* [Supplied entries]
'''

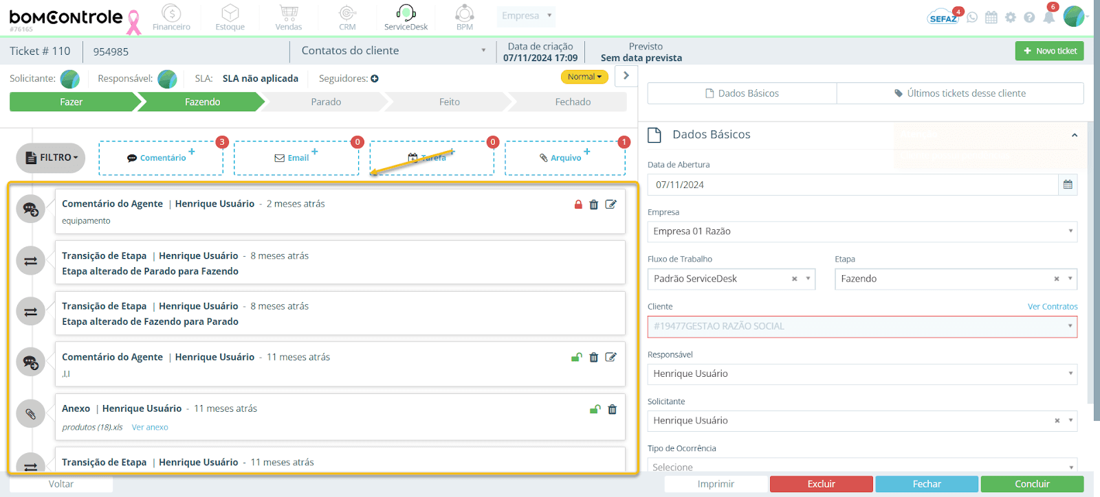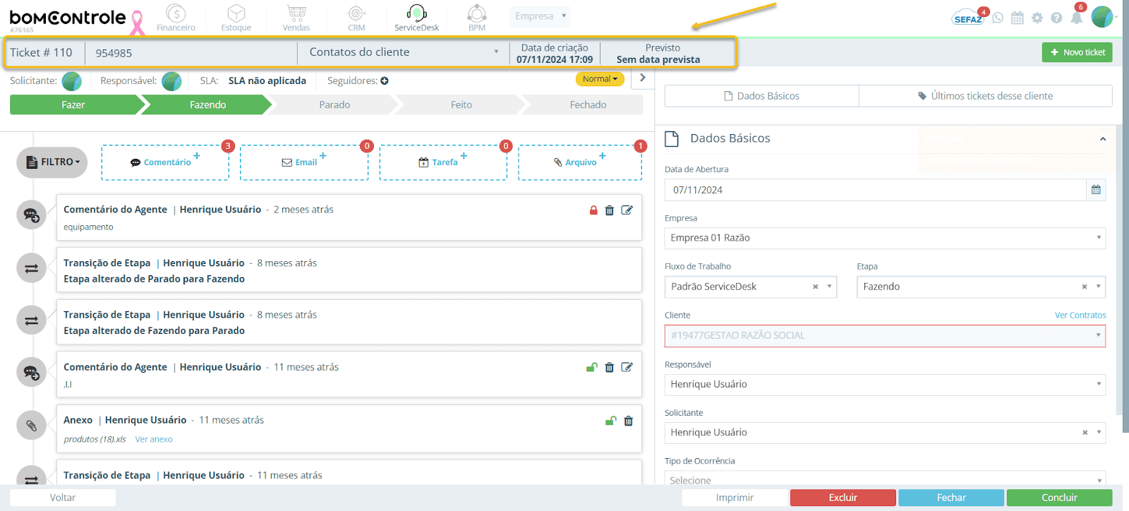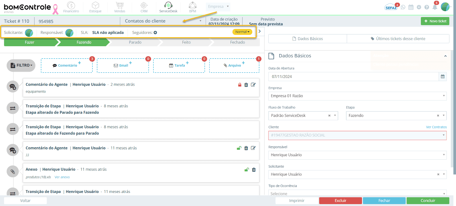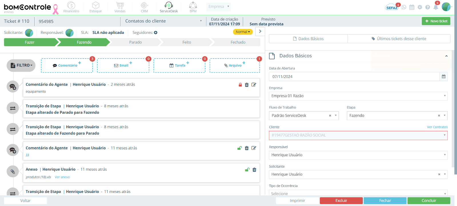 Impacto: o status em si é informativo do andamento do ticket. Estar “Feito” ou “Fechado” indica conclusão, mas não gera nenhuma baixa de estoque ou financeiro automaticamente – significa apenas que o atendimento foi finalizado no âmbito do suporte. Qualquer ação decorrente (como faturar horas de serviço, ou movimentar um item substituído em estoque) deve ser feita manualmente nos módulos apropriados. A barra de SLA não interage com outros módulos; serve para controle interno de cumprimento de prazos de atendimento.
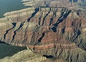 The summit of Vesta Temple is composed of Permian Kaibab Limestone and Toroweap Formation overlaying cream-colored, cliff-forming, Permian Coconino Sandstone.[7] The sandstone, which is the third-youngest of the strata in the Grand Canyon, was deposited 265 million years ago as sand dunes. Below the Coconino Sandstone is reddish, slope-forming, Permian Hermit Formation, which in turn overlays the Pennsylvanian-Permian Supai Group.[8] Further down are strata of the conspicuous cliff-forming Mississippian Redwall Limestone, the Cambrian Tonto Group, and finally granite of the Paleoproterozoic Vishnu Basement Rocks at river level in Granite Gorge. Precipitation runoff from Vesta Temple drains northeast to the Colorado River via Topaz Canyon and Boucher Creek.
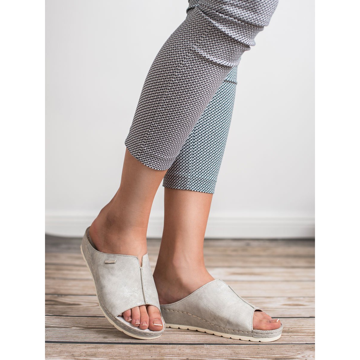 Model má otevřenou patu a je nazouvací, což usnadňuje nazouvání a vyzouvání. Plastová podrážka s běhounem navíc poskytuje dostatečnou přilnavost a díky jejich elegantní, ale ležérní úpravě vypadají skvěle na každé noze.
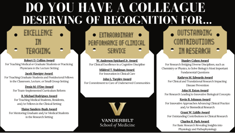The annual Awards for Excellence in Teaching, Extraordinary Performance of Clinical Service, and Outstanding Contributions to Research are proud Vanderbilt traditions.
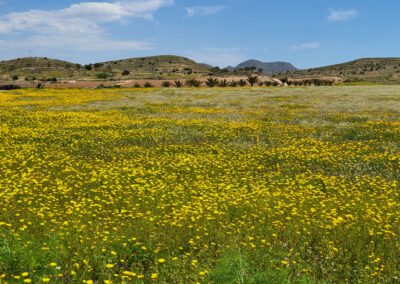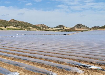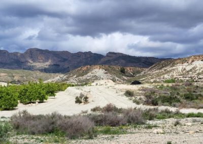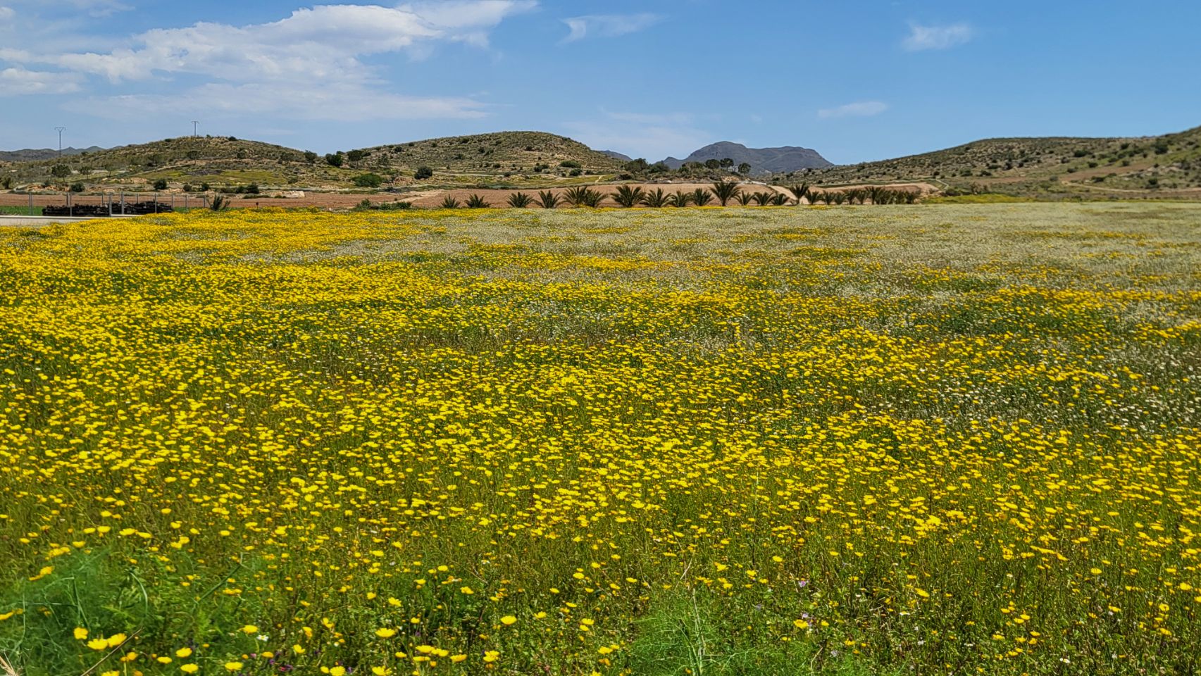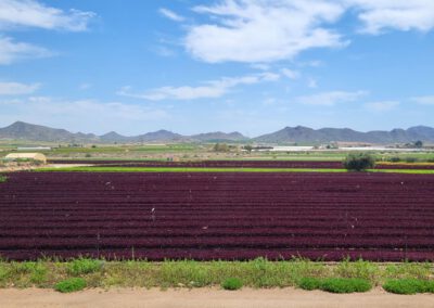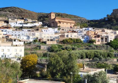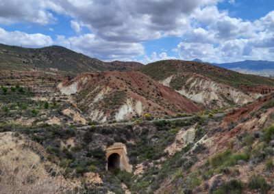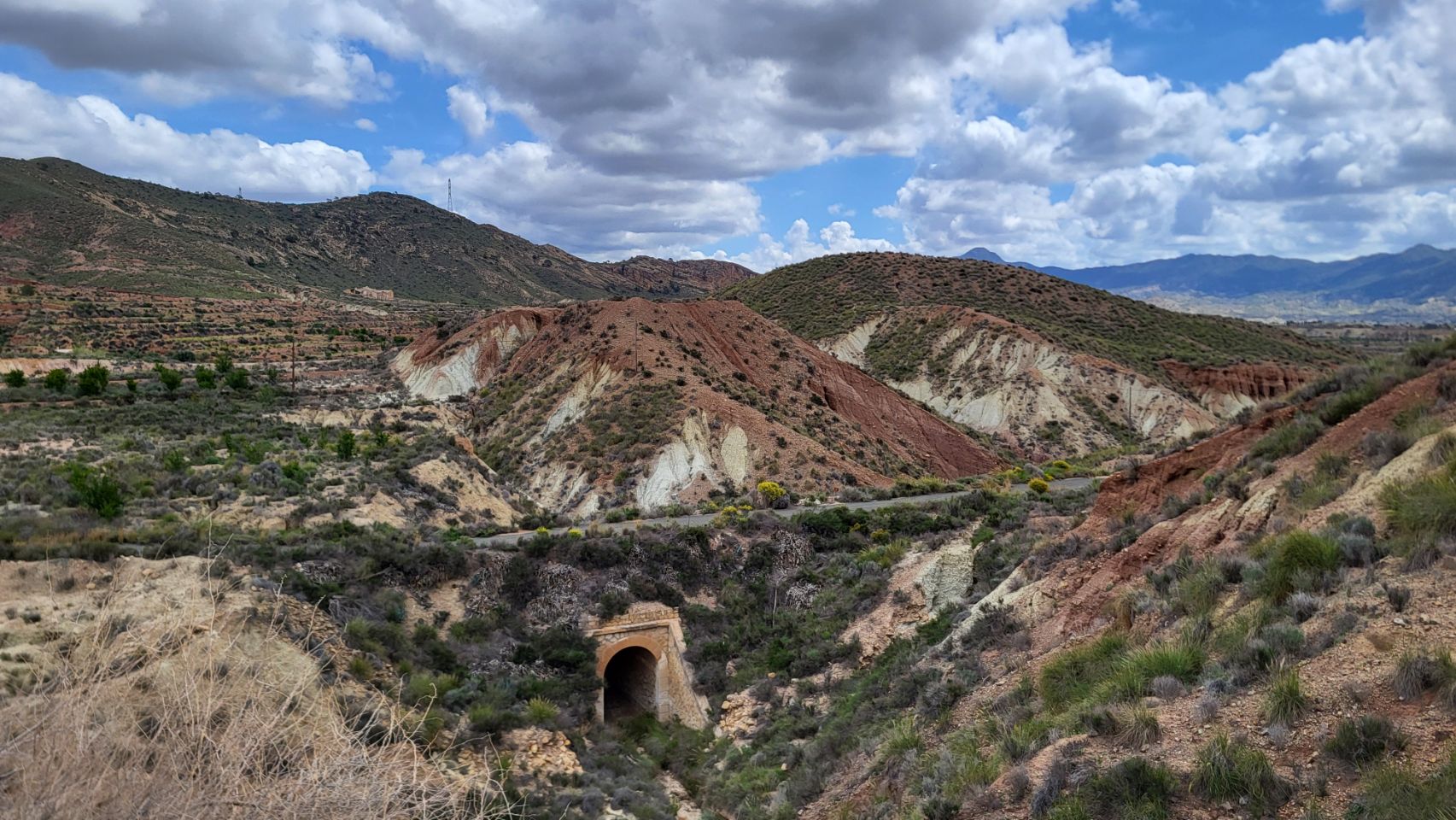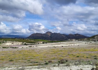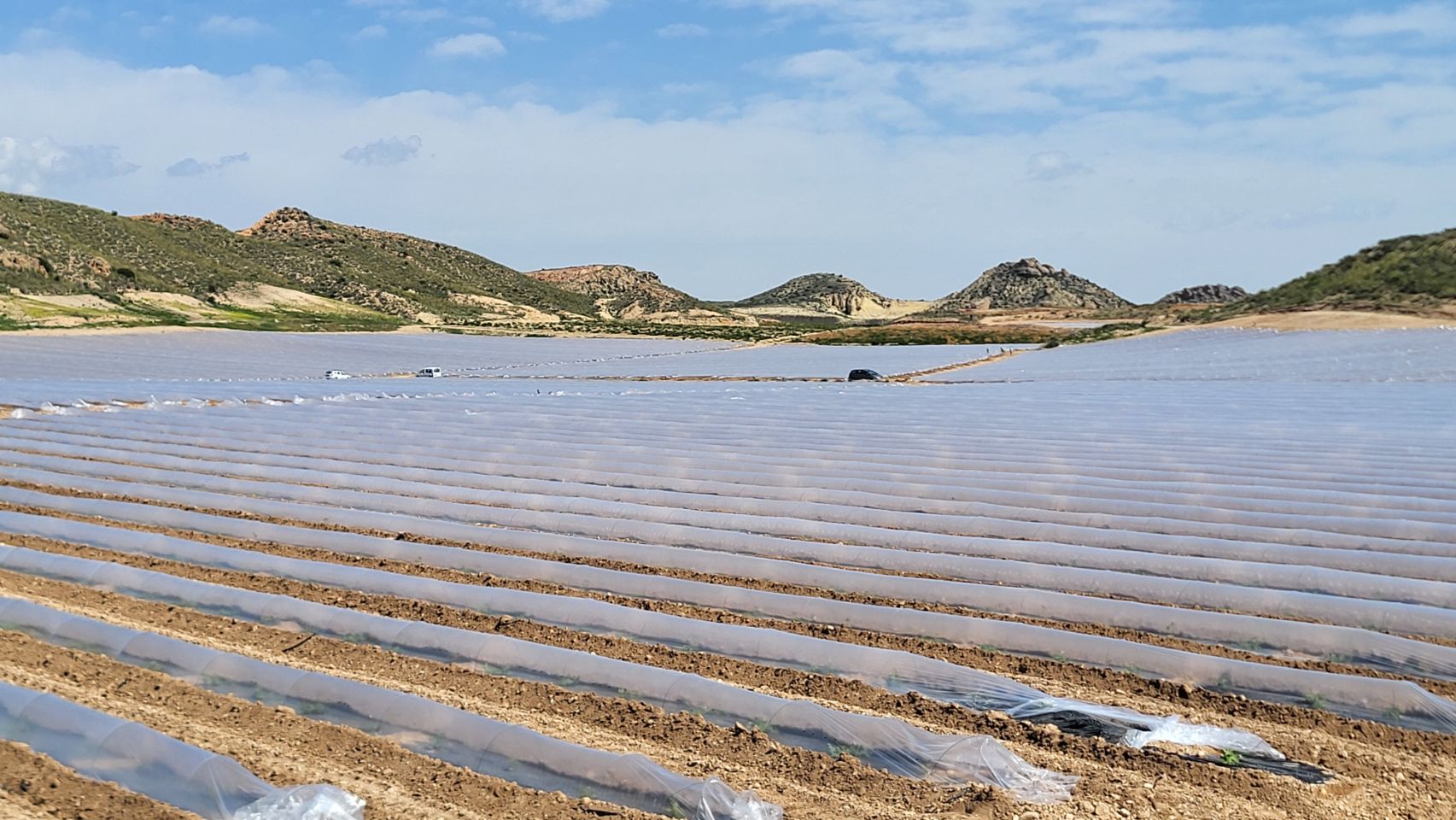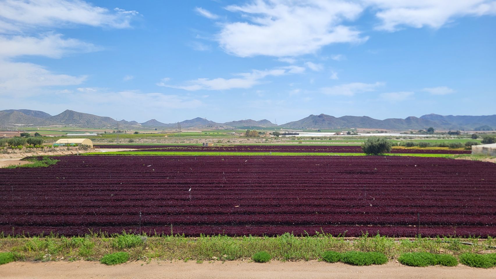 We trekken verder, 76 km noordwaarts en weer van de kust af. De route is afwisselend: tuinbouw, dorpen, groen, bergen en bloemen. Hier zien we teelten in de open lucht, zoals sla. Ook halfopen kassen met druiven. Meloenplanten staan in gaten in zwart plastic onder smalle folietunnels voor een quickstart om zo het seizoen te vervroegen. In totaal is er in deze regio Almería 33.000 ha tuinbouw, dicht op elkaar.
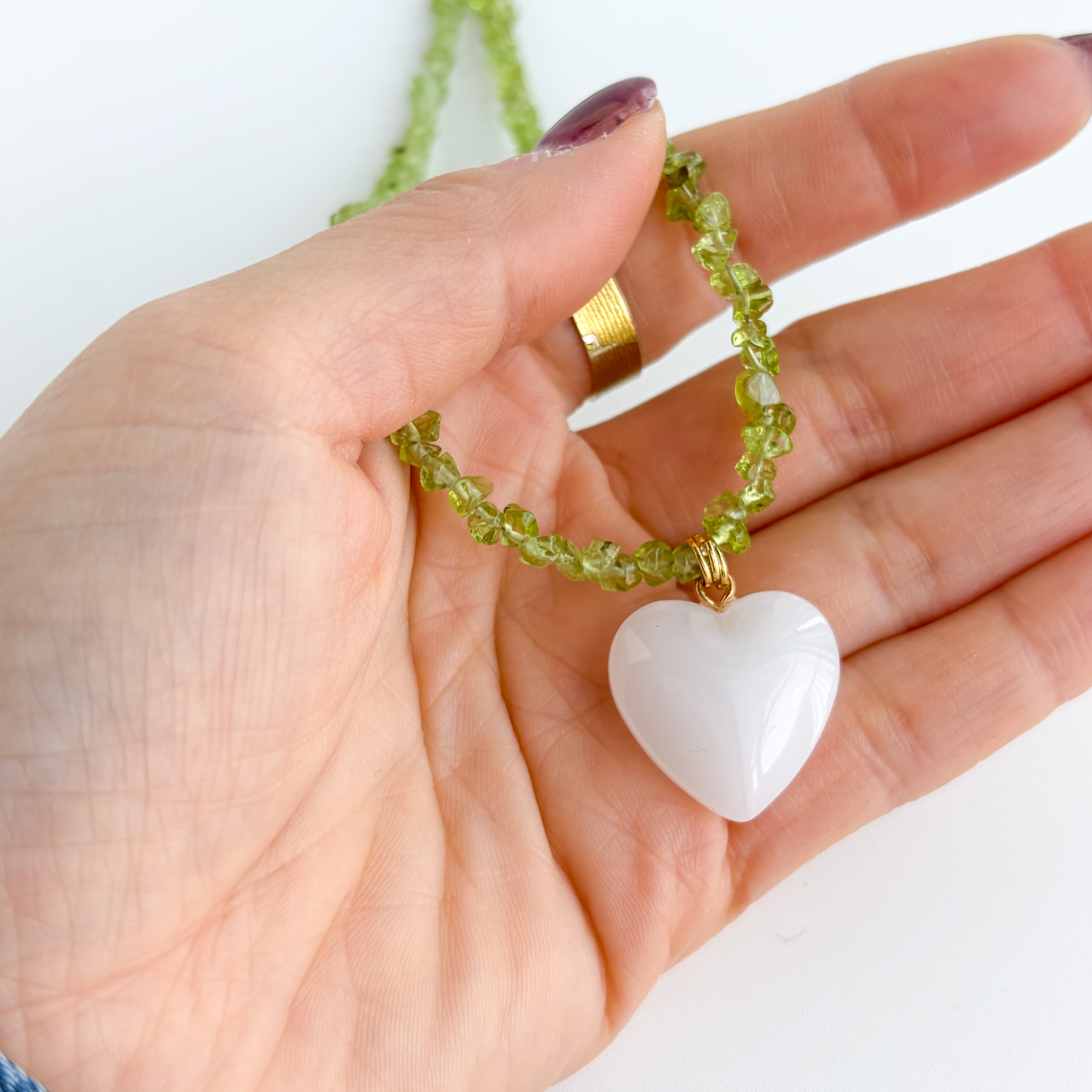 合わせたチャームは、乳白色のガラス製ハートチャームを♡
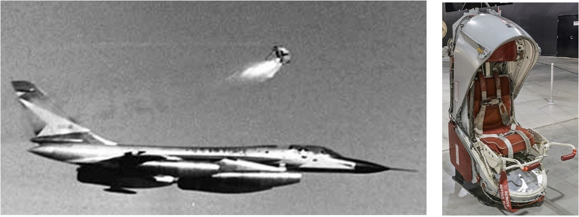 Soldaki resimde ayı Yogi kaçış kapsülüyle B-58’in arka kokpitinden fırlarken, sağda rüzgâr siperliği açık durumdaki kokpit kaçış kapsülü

'''

* [What needs to be done] Could you retype every record exactly, leaving the pictures out?

* [Your solution]
 Impacto: o status em si é informativo do andamento do ticket. Estar “Feito” ou “Fechado” indica conclusão, mas não gera nenhuma baixa de estoque ou financeiro automaticamente – significa apenas que o atendimento foi finalizado no âmbito do suporte. Qualquer ação decorrente (como faturar horas de serviço, ou movimentar um item substituído em estoque) deve ser feita manualmente nos módulos apropriados. A barra de SLA não interage com outros módulos; serve para controle interno de cumprimento de prazos de atendimento.
 The summit of Vesta Temple is composed of Permian Kaibab Limestone and Toroweap Formation overlaying cream-colored, cliff-forming, Permian Coconino Sandstone.[7] The sandstone, which is the third-youngest of the strata in the Grand Canyon, was deposited 265 million years ago as sand dunes. Below the Coconino Sandstone is reddish, slope-forming, Permian Hermit Formation, which in turn overlays the Pennsylvanian-Permian Supai Group.[8] Further down are strata of the conspicuous cliff-forming Mississippian Redwall Limestone, the Cambrian Tonto Group, and finally granite of the Paleoproterozoic Vishnu Basement Rocks at river level in Granite Gorge. Precipitation runoff from Vesta Temple drains northeast to the Colorado River via Topaz Canyon and Boucher Creek.
 Model má otevřenou patu a je nazouvací, což usnadňuje nazouvání a vyzouvání. Plastová podrážka s běhounem navíc poskytuje dostatečnou přilnavost a díky jejich elegantní, ale ležérní úpravě vypadají skvěle na každé noze.
The annual Awards for Excellence in Teaching, Extraordinary Performance of Clinical Service, and Outstanding Contributions to Research are proud Vanderbilt traditions.
 We trekken verder, 76 km noordwaarts en weer van de kust af. De route is afwisselend: tuinbouw, dorpen, groen, bergen en bloemen. Hier zien we teelten in de open lucht, zoals sla. Ook halfopen kassen met druiven. Meloenplanten staan in gaten in zwart plastic onder smalle folietunnels voor een quickstart om zo het seizoen te vervroegen. In totaal is er in deze regio Almería 33.000 ha tuinbouw, dicht op elkaar.
 合わせたチャームは、乳白色のガラス製ハートチャームを♡
 Soldaki resimde ayı Yogi kaçış kapsülüyle B-58’in arka kokpitinden fırlarken, sağda rüzgâr siperliği açık durumdaki kokpit kaçış kapsülü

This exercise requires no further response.